GL: Our first performance production took place in Belgium. We brought in a local Belgian researcher in sociology and a theatre director, Frédérique Lecomte, a musician Piet Maris and migrant actors, professionnals and amateurs: we went four times into town, in very different places, while having MP3’s in our ears where we heard the slowly read letter. Then we sat on stools in front of other people and repeated the letters in the languages we master, often under an umbrella. I read quite a bit in Dutch and English and, since Brussels is a very multilingual city, people were extremely interested in what we were doing. Officially, there are 70 to 90 percent of French speakers in this bilingual capital city, so proposing Dutch was really politically important. It was a really touching moment.

I imagine it was also a very hectic experience as well. Did the different teams working on the project feel panicked with only a week to coordinate each time? 

PFS: We definitely worked with a sense of urgency and throughout the coordination and production of each performance production. But at the same time, I wanted us to work with this immediate feeling of pressure, this notion of distress. We needed to ask: what can we do as artists, researchers and as citizens to help bring to the table the pressing questions surrounding the political and social situation of migrants in Europe today? And how do we motivate and involve more citizens, public decision-makers, and the media in this process as well? But yes, it was definitely a crazy experience that I don’t think any of us will ever forget. 

We managed to overcome the numerous constraints that threatened to jeopardize the project, particularly during the heightened Covid period. For example, in Milan, one of the first regions to be seriously affected by Covid in Italy, we played with masks and gloves in the public space. We couldn't touch each other, we couldn't have coffee together, we couldn’t eat together. We also had difficulties in Istanbul, given the sensitive political context, we were worried about putting the researchers, students and the theatre troupe who participated in danger. So we took a lot of care to ensure that we were doing things in as safe a manner as possible. It was also pretty complicated to manage the last production we did in Rennes as well. There were Covid constraints, numerous institutional partners to take into account and technical changes that had to be made at the last minute. So there were clearly moments we were worried that we didn’t know how it would all come together. 

So, Fusée de Détresse was for me one of the most difficult projects of my life, but it's certainly the one I'm most proud of, which might sound surprising. Even though the Encyclopedia was a project that was 100 times more difficult, the conditions we were dealing with while creating with Fusée de Détresse were really extremely difficult. But it's all the more worth it because we managed to accomplish it. It was really quite amazing that we did everything that was planned. I think it's one of the few European projects that are finished exactly as planned. We managed to stay on course in a somewhat miraculous way, but it was a balancing act. And, even in those difficult moments, we managed to keep the feeling that we were painting the same picture together.

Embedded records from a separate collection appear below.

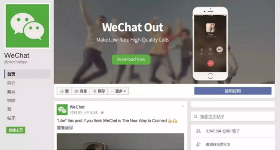 微信的Facebook主页一旦关系链建立,马太效应就开始发挥作用,人们不会去用一个功能强大但我的朋友们都不用的产品,“撼山易,撼关系链难”。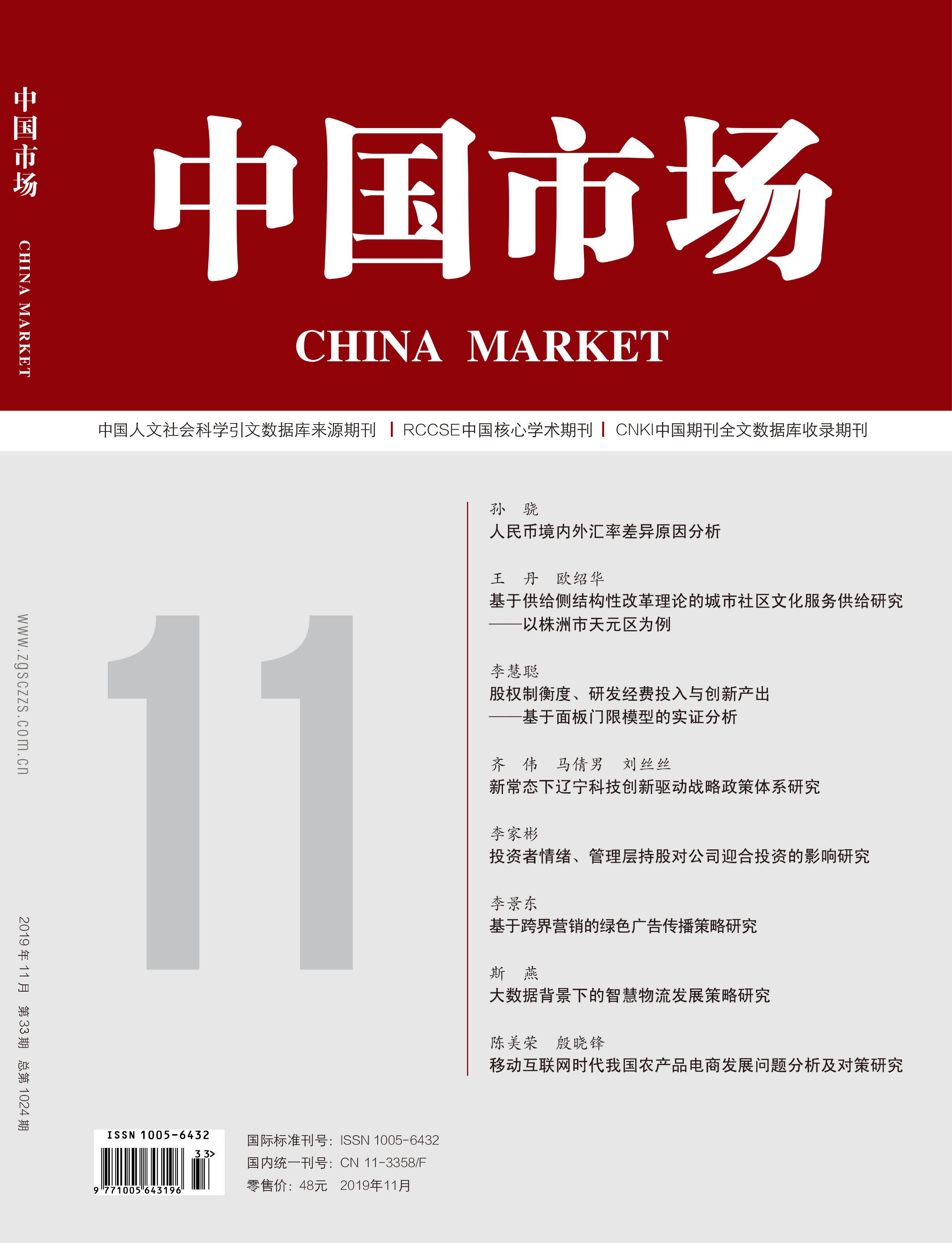 《中国市场》自1994年创办以来,紧密关注国家经济改革政策、经济方针政策,关注中国市场的现状、发展变化和未来发展趋势,关注国际市场动向,组织国内外重大课题的报道,致力于中国经济理论与实践的研究,探索中国经济发展的解决方案,引领中国经济改革方向,研究区域经济和城乡统筹发展,推动营销理念与模式创新,传播物流及供应链科技成果与智慧结晶,力求多角度多方位探究中国经济中长期发展战略的相关问题为市场投资群体、创业群体、企业决策人士提供全方位市场资讯。本刊曾入选《中文核心期 刊要目总揽》贸易经济类核心期刊,目前是中国社会科学院引文数据库来源期刊、中国人民大学“复印报刊资料”重要转载来源期刊、RCCSE 中国核心学术期刊。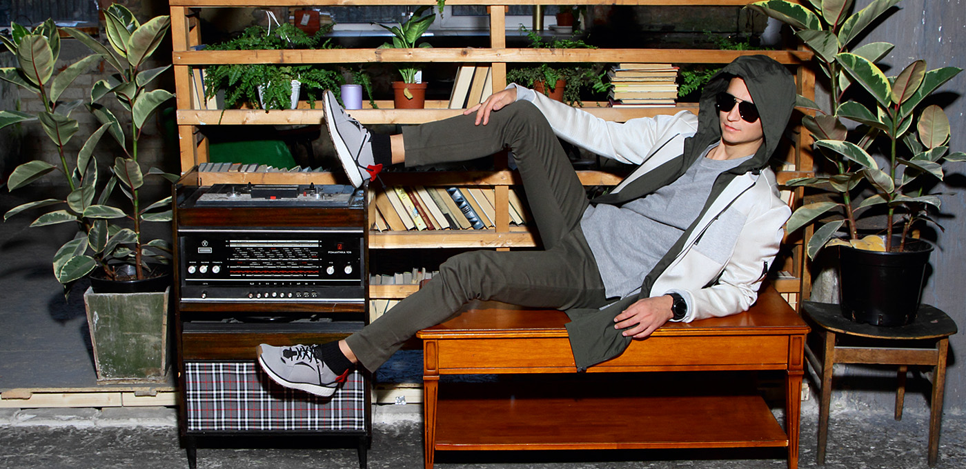 Этот лук - воспоминания о моем «хип-хоперском» прошлом. Все оверсайз, надевается друг на друга. Джинсы купил в Гдыне, а ветровку в Ирландии - там континет весь зеленый, и я был под впечатлением от этого цвета. Бомбер подарили друзья на день рождения в прошлом году. Очки из аэропорта в Дубае, часы из Италии. А кроссовки мне тоже подарок-от жены: она хотела, чтоб я был очень модный.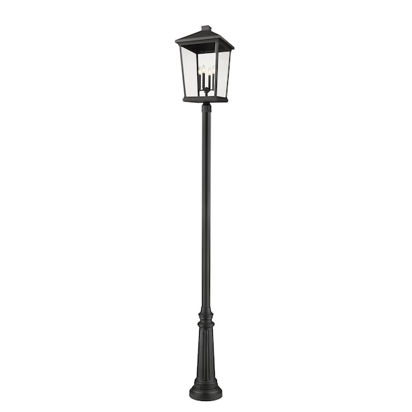 Beacon 4 Light Outdoor Post Mounted Fixture, Black & Clear Beveled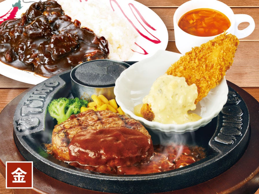 トマト&オニオン名物の「“牛肉100%!!”弾丸ハンバーグ」が日替わりランチメニューに初登場。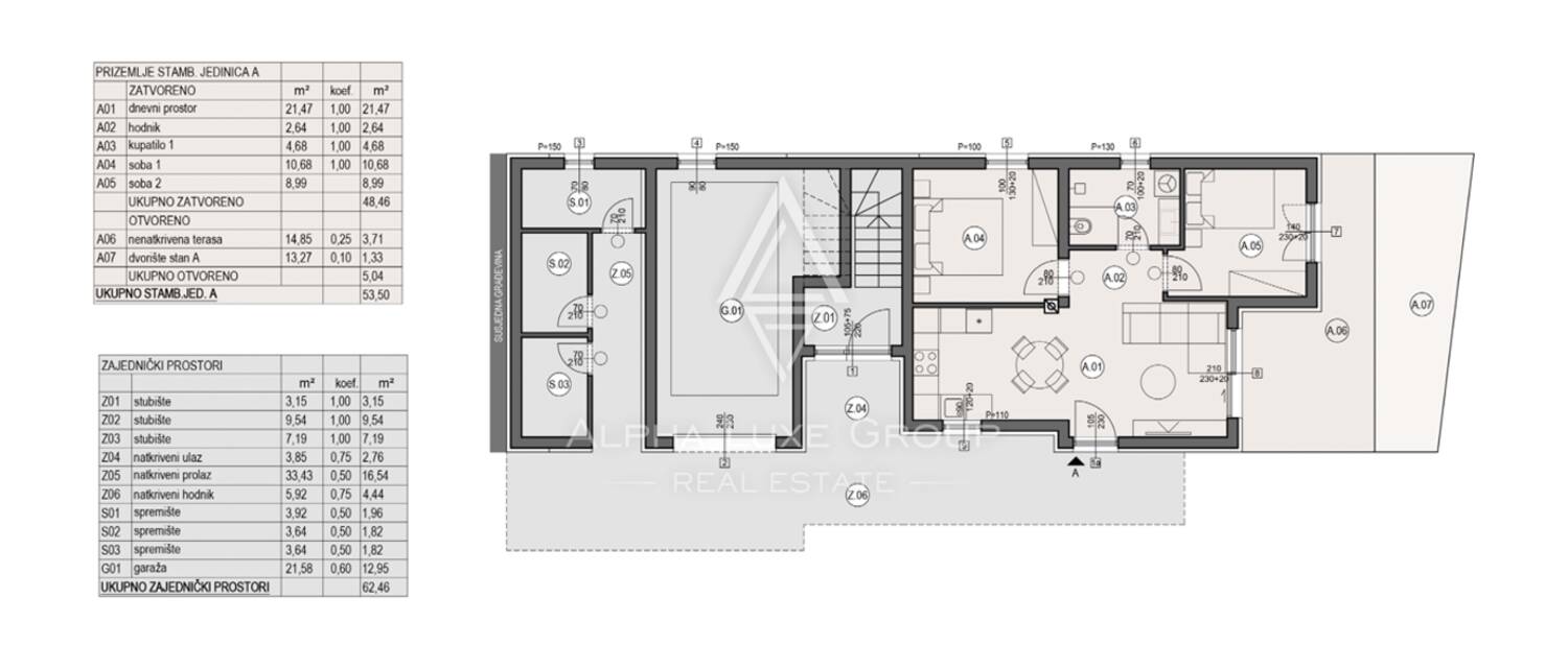 Stan se nalazi u prizemlju i ima funkcionalan raspored koji uključuje open space dnevni boravak s kuhinjom i blagovaonicom, dvije spavaće sobe, kupaonicu, nenatkrivenu terasu i vlastiti vrt, čime se postiže savršen spoj unutarnjeg komfora i boravka na otvorenom.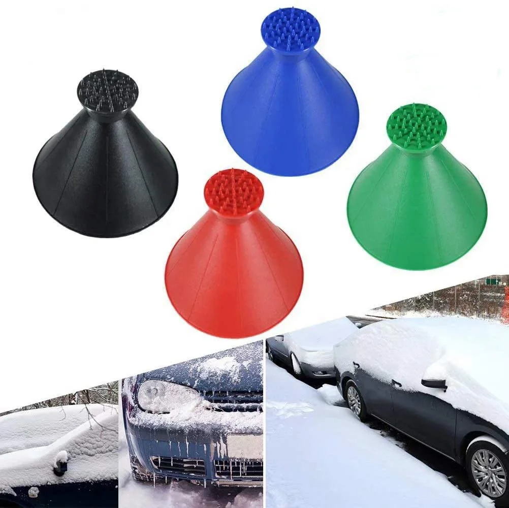 Продукт-это оригинальный скребок для льда и средство для удаления снега в форме конуса, поэтому вы можете просто перемещать его в любом направлении или в кругах, чтобы одновременно удалить больше снега с вашего автомобиля.
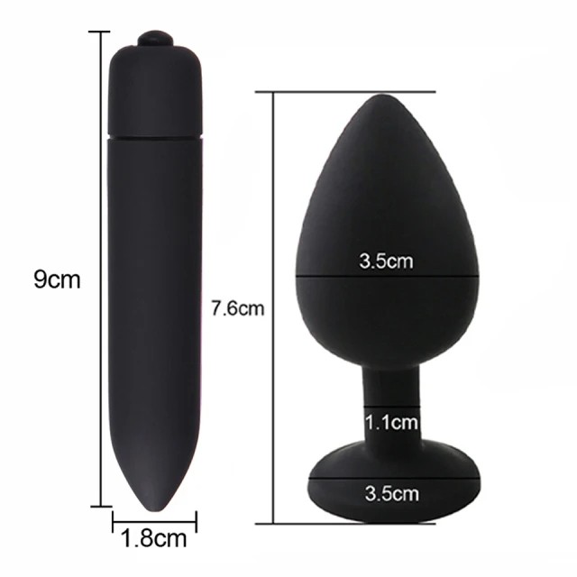 Este conjunto inclui um plugue anal preto de silicone macio e flexível com pedra removível e um mini vibrador, que adiciona mais opções de estimulação. É fabricado em silicone, que é macio, flexível e seguro para a pele. Para manter a higiene e a durabilidade, é necessário utilizar apenas produtos de limpeza específicos para brinquedos eróticos de silicone. A lubrificação deve ser feita exclusivamente com géis lubrificantes à base de água, pois outros tipos podem danificar o material. Para armazenamento a longo prazo, recomenda-se guardar num saco de tecido, pois sacos de plástico podem afetar as propriedades do silicone.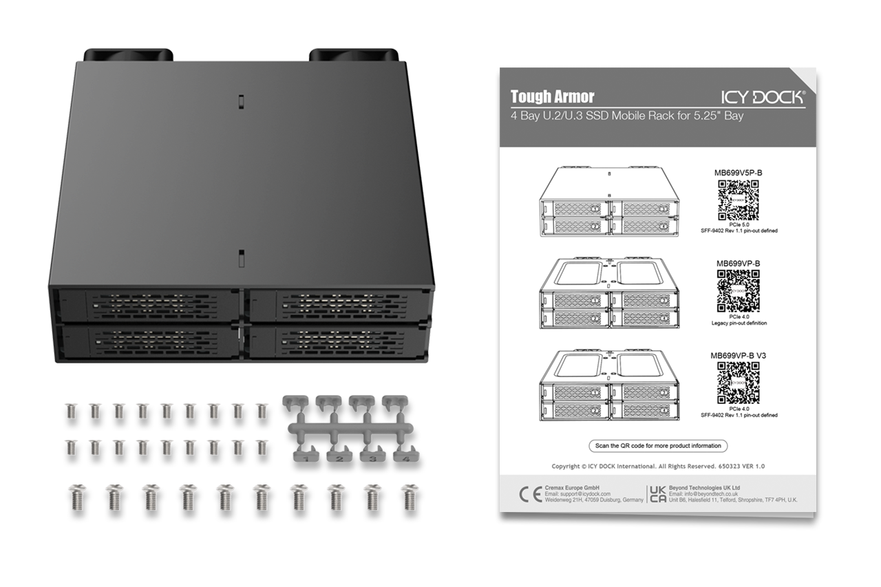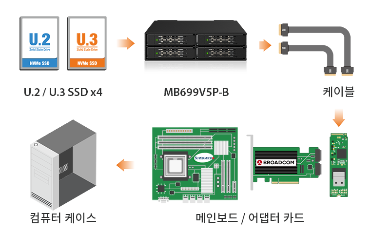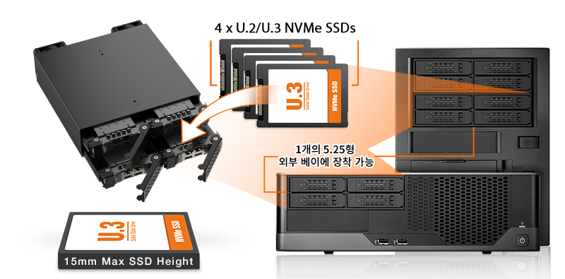 • | 단일 외부 5.25인치 베이에 4개의 U.2/U.3 NVMe SSD(5–15mm) 장착 가능 |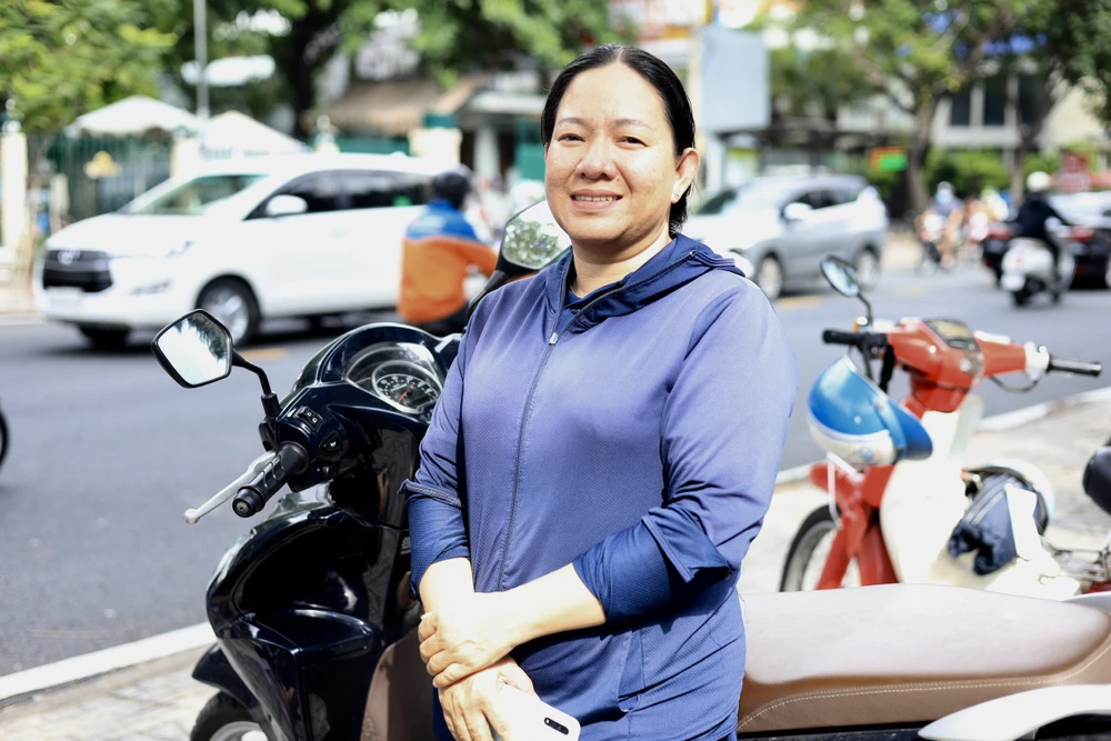 Chị NT có con học tại Trường THCS Phạm Văn Chiêu, quận Gò Vấp, sau khi chở con vào điểm thi tại Trường THCS Phan Tây Hồ, quận Gò Vấp, chị ghé mua ly nước mía rồi ngồi chờ con trước cổng trường.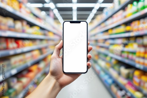 Smartphone with blank white screen held by hand in a supermarket aisle background.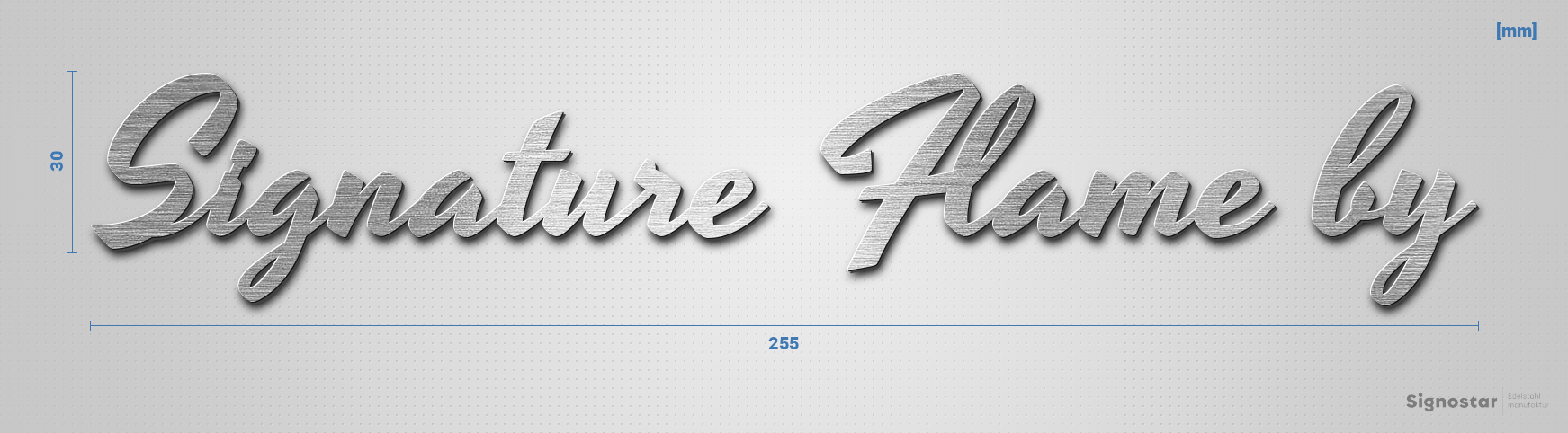 Hochwertiger, witterungsbeständiger Schriftzug "Signature Flame by" aus gebürstetem Edelstahl V2A (1.4301)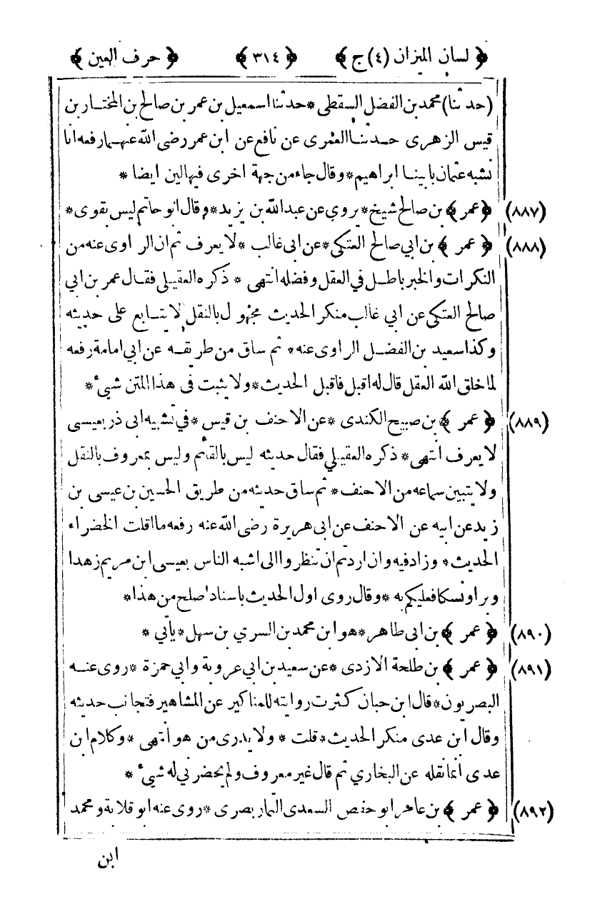 [891] "عمر" بن طلحة الأزدي عن سعيد بن أبي عروبة وأبي حمزة روى عنه البصريون قال ابن حبان كثرت روايته للمناكير عن المشاهي فتجانب حديثه وقال ابن عدي منكر الحديث قلت ولا يدرى من هو انتهى وكلام ابن عدي إنما نقله عن البخاري ثم قال غير معروف ولم يحضرني له شيء.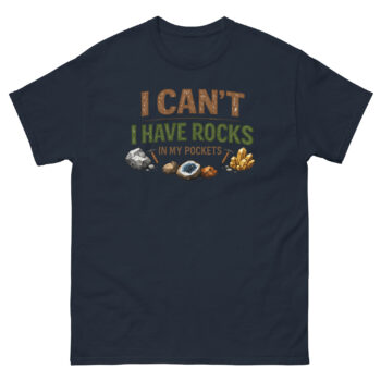 We created I Can’t I Have Rocks in My Pockets T Shirt to celebrate the very real “weight” of a rockhound’s passion. Our philosophy, “The Weight of the Passion,” humorously addresses how a day of fieldwork can leave you physically and happily, burdened. The inspiration comes from the shared experience of having to decline plans because you’re busy cataloging or simply too weighed down by your latest finds.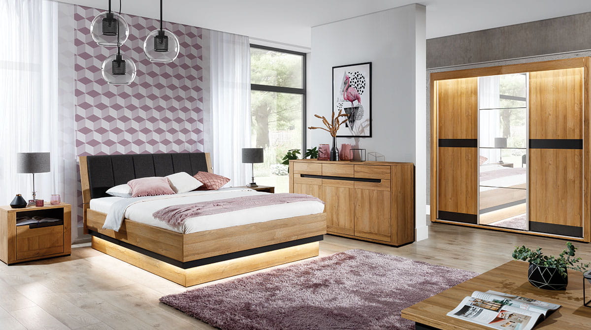 Korpus łóżka sporządzony jest z płyty meblowej pokrytej estetycznym laminatem, który nadaje powierzchni mebla schludnego wyglądu. Posiada wysoki tapicerowany zagłówek, który zadba o Twoją wygodę podczas czytania dobrej książki lub oglądania telewizji przed snem. Ten wyjątkowy model swój atrakcyjny wygląd zawdzięcza stylowej formie oraz czarującej kolorystyce w postaci połączenia dębu grandson z grafitowymi dodatkami, które pozwoliło otrzymać niezwykle designerski mebel do każdego rodzaju wnętrz. Ponadto istnieje możliwość wyposażenia prezentowanego łóżka w oświetlenie LED, które pięknie podkreśli jego nowoczesny styl i stworzy przyjemny nastrój w Twojej sypialni, szczególnie wieczornymi porami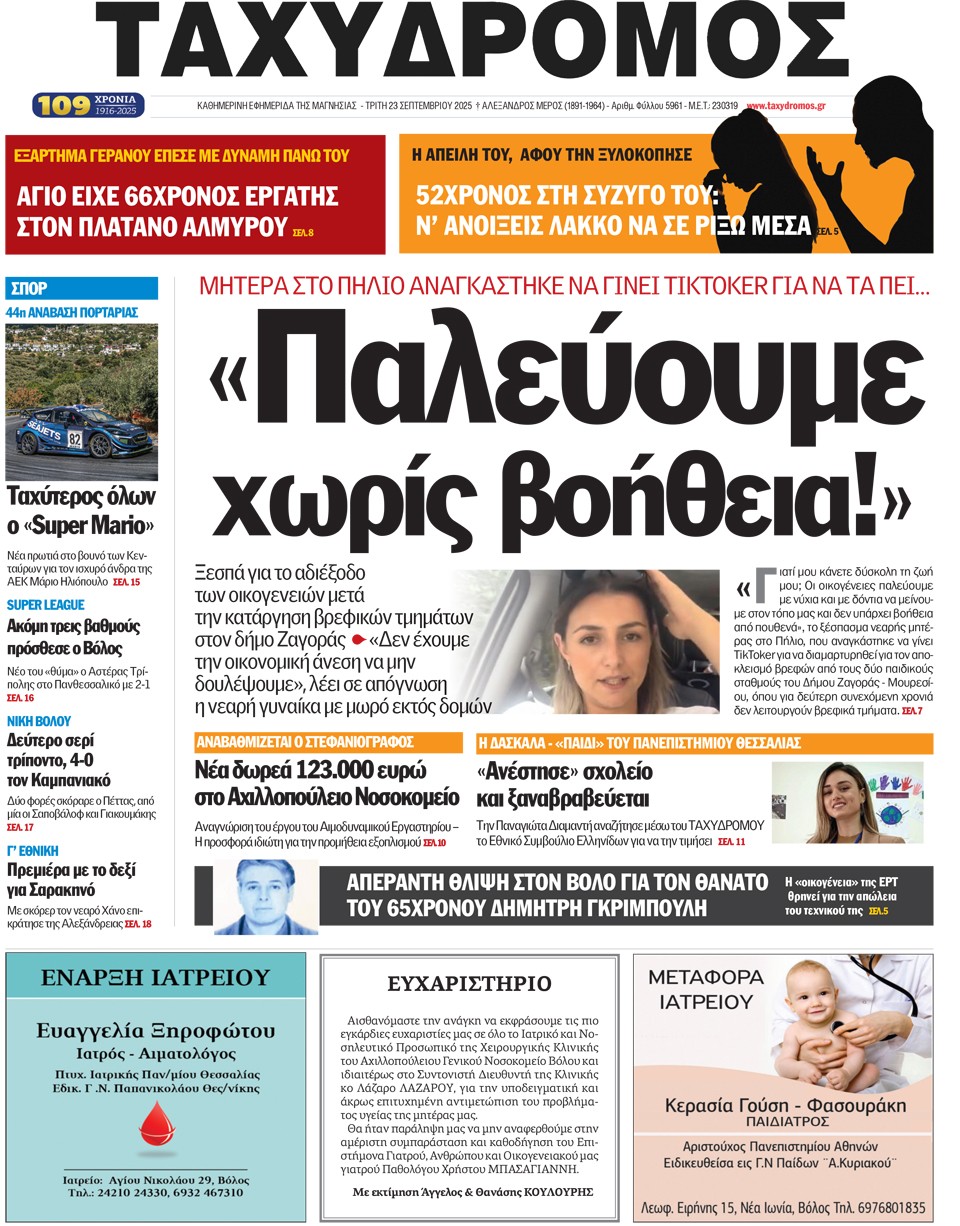 ΤΑΧΥΔΡΟΜΟΣ - 23 Σεπτεμβρίου 2025

GL: Scientifically, with our words, and artistically, with our talents, we shared in these acts of creation. Even if it can be complicated in practice to put together, we still managed to find a way to advance because we all have the same goal in mind. This was evident even from the beginning, even though we didn't all have the same terms, the same way of using them, etc., but then, at a certain point, we knew that what was important was that we had the same idea.  It’s a really great example of what participatory research and artistic projects can be and it’s thrilling that it’s finally visible.